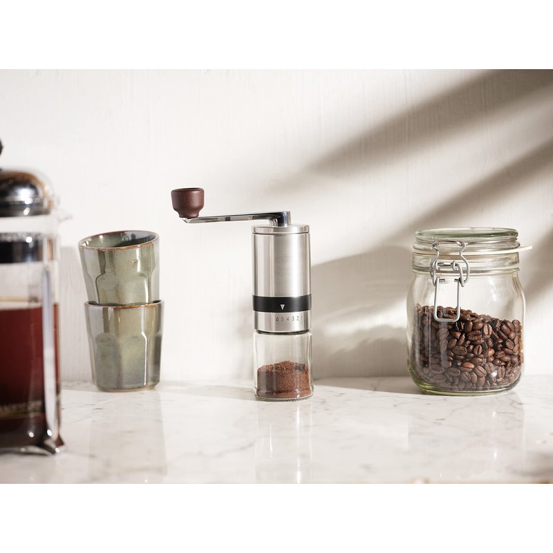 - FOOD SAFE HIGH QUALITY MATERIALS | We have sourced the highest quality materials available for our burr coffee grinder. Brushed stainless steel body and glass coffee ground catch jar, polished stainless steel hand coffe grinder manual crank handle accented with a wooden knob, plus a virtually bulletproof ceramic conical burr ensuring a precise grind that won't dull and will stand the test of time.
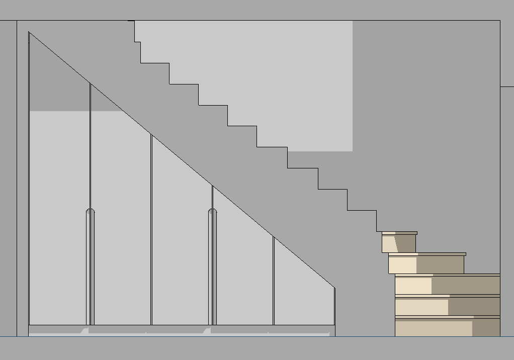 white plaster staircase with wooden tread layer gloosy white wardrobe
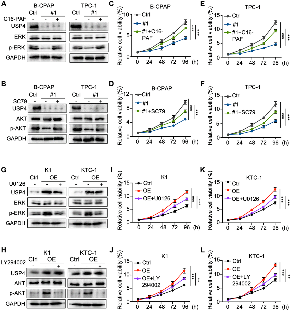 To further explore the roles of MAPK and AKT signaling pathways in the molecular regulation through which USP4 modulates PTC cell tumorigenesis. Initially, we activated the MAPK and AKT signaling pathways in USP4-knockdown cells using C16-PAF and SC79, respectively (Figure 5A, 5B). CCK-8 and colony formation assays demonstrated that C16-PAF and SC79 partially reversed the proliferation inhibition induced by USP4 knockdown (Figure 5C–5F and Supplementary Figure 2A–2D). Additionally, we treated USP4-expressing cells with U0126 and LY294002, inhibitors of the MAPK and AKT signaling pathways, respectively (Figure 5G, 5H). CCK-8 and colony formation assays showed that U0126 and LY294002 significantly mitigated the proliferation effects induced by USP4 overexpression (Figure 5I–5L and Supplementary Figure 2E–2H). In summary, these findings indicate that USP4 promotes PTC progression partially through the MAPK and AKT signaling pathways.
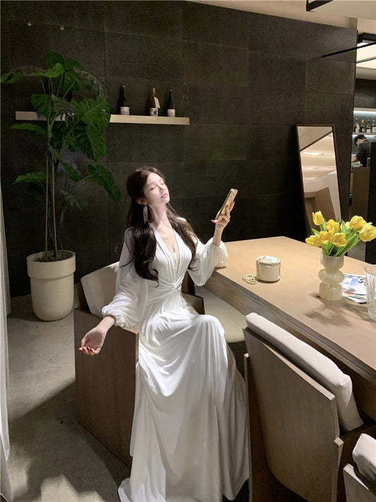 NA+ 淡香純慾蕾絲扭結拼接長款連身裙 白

...

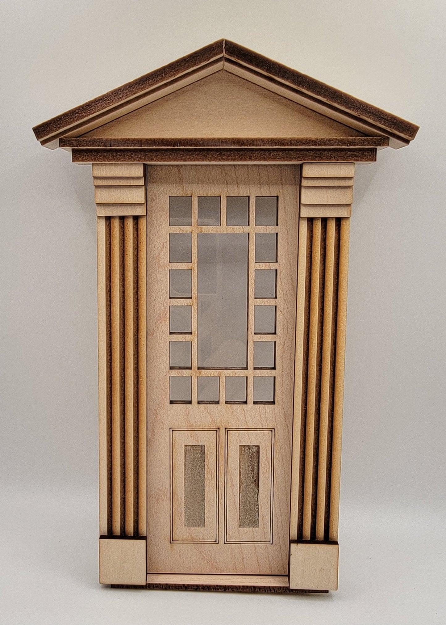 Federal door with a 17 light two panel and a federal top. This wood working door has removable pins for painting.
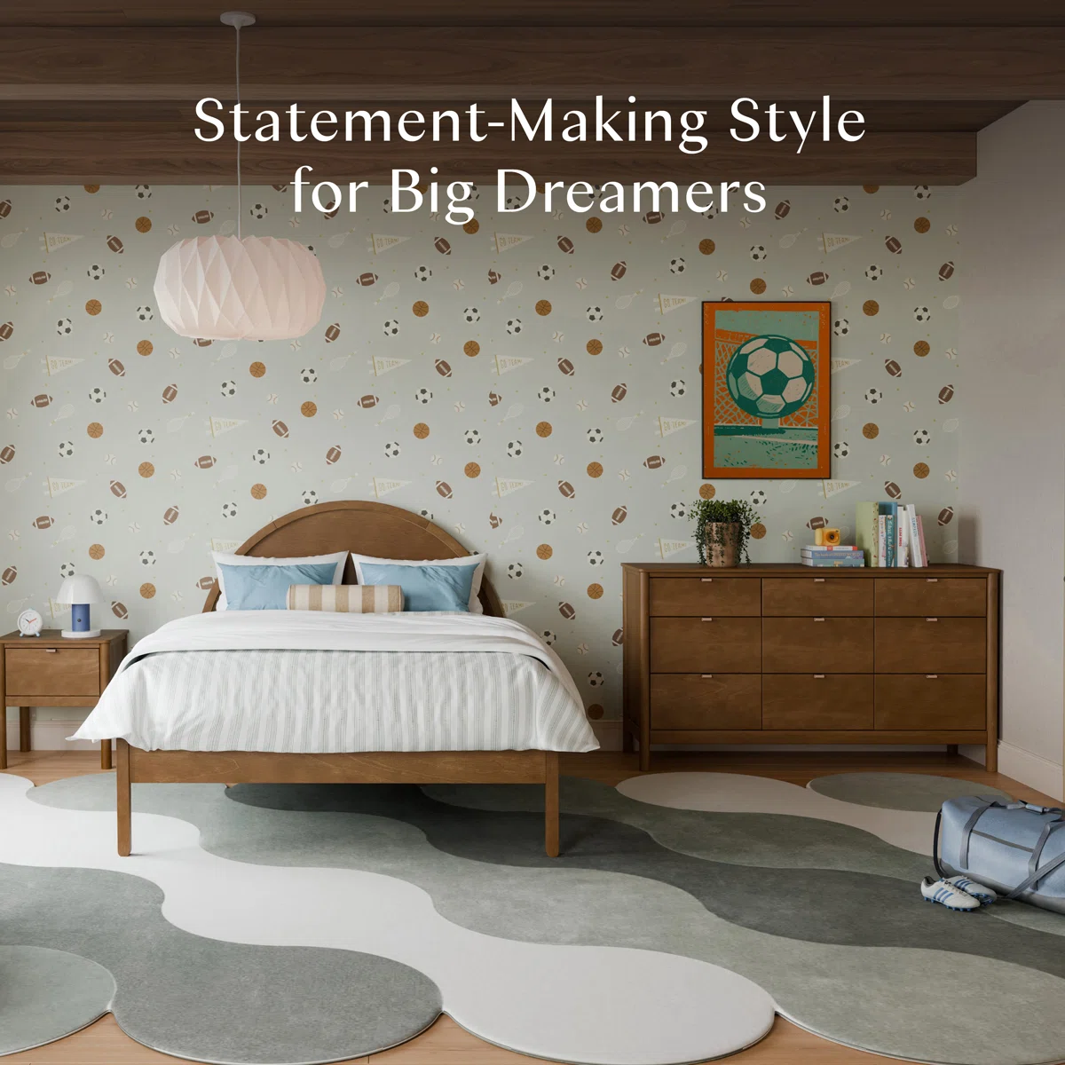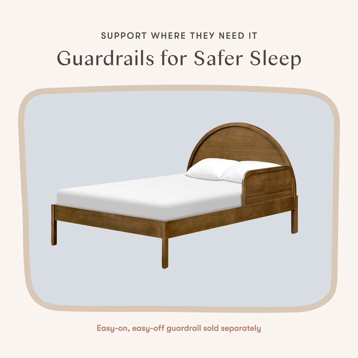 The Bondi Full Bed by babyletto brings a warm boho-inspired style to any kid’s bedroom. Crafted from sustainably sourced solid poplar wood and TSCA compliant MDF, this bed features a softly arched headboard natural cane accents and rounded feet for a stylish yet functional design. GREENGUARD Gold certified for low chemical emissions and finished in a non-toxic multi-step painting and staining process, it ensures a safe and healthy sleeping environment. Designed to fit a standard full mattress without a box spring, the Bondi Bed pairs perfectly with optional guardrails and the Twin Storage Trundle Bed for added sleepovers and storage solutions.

--

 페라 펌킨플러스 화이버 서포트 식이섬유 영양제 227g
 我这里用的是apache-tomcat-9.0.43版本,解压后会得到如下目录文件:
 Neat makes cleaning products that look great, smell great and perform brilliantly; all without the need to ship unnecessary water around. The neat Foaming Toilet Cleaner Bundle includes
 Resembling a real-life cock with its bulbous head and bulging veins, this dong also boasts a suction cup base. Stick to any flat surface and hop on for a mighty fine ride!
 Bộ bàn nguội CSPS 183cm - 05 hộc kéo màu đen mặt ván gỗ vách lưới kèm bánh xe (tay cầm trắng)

Directions for this task → From the material above, set down exactly the lines between the line holding "我这里用的是apache-t" and the line holding "Bộ bàn nguội", inclusive. Include nothing else.

Task result →
 我这里用的是apache-tomcat-9.0.43版本,解压后会得到如下目录文件:
 Neat makes cleaning products that look great, smell great and perform brilliantly; all without the need to ship unnecessary water around. The neat Foaming Toilet Cleaner Bundle includes
 Resembling a real-life cock with its bulbous head and bulging veins, this dong also boasts a suction cup base. Stick to any flat surface and hop on for a mighty fine ride!
 Bộ bàn nguội CSPS 183cm - 05 hộc kéo màu đen mặt ván gỗ vách lưới kèm bánh xe (tay cầm trắng)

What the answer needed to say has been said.